From 94e5bdc824ed00cb7b9cf4289f1814f5e1766e0d Mon Sep 17 00:00:00 2001
From: muzzynine <muzzynine@gmail.com>
Date: Wed, 22 Jan 2025 17:51:03 +0900
Subject: [PATCH] Fix URL deduplication issue when using the index

---
 src/datatrove/pipeline/dedup/url_dedup.py | 16 ++++++++-----
 tests/pipeline/test_url_deduplication.py  | 29 +++++++++++++++++++++++
 2 files changed, 39 insertions(+), 6 deletions(-)

diff --git a/src/datatrove/pipeline/dedup/url_dedup.py b/src/datatrove/pipeline/dedup/url_dedup.py
index 4a9503c2..f5ab3a31 100644
--- a/src/datatrove/pipeline/dedup/url_dedup.py
+++ b/src/datatrove/pipeline/dedup/url_dedup.py
@@ -51,7 +51,7 @@ class HashSig:
     file_stem: str
 
     def is_from_index(self):
-        return self.doc_id == -1 and self.priority == 1
+        return self.doc_id == -1 and self.priority == 65536
 
     def __lt__(self, other: "HashSig") -> bool:
         # Ensure that highest priority is always first of the hashes
@@ -168,7 +168,7 @@ def read_sigs(
             assert last is None or data[0] >= last, f"Hash order error. {f.tell()=}, {data[0]=}, {last=}"

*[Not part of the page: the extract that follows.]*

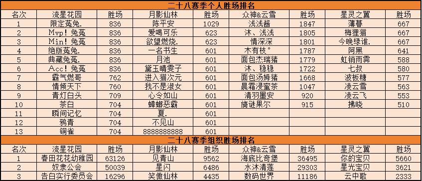 世界PK第二十九赛季排名公示

             last = data[0]
             yield (
-                HashSig(hash_value=data[0], doc_id=-1, file_id=file_id, priority=-1, file_stem=file_stem)
+                HashSig(hash_value=data[0], doc_id=-1, file_id=file_id, priority=65536, file_stem=file_stem)
                 if index_file
                 else HashSig(
                     file_id=file_id,
@@ -248,7 +248,7 @@ def run(self, data: DocumentsPipeline = None, rank: int = 0, world_size: int = 1
                             index_file=True,
                             lines_to_buffer=self.lines_to_buffer,
                         )
-                        for file_i, file in enumerate(self.data_folder.open_files(index_files))
+                        for file_i, file in enumerate(self.index_folder.open_files(index_files))
                     ]
                 )
 
@@ -271,12 +271,15 @@ def run(self, data: DocumentsPipeline = None, rank: int = 0, world_size: int = 1
             packer = struct.Struct("<I")
             while pq:
                 v: HashSig = heapq.heappop(pq)
+
                 if last and last.hash_value == v.hash_value and not v.is_from_index():
                     out_filename = f"{rank:04d}/{v.file_stem}{ExtensionHelperSD.stage_2_duplicates}"
                     if not index_files or last.is_from_index() or not self.config.only_dedup_in_index:
                         doc_id_bytes = packer.pack(v.doc_id)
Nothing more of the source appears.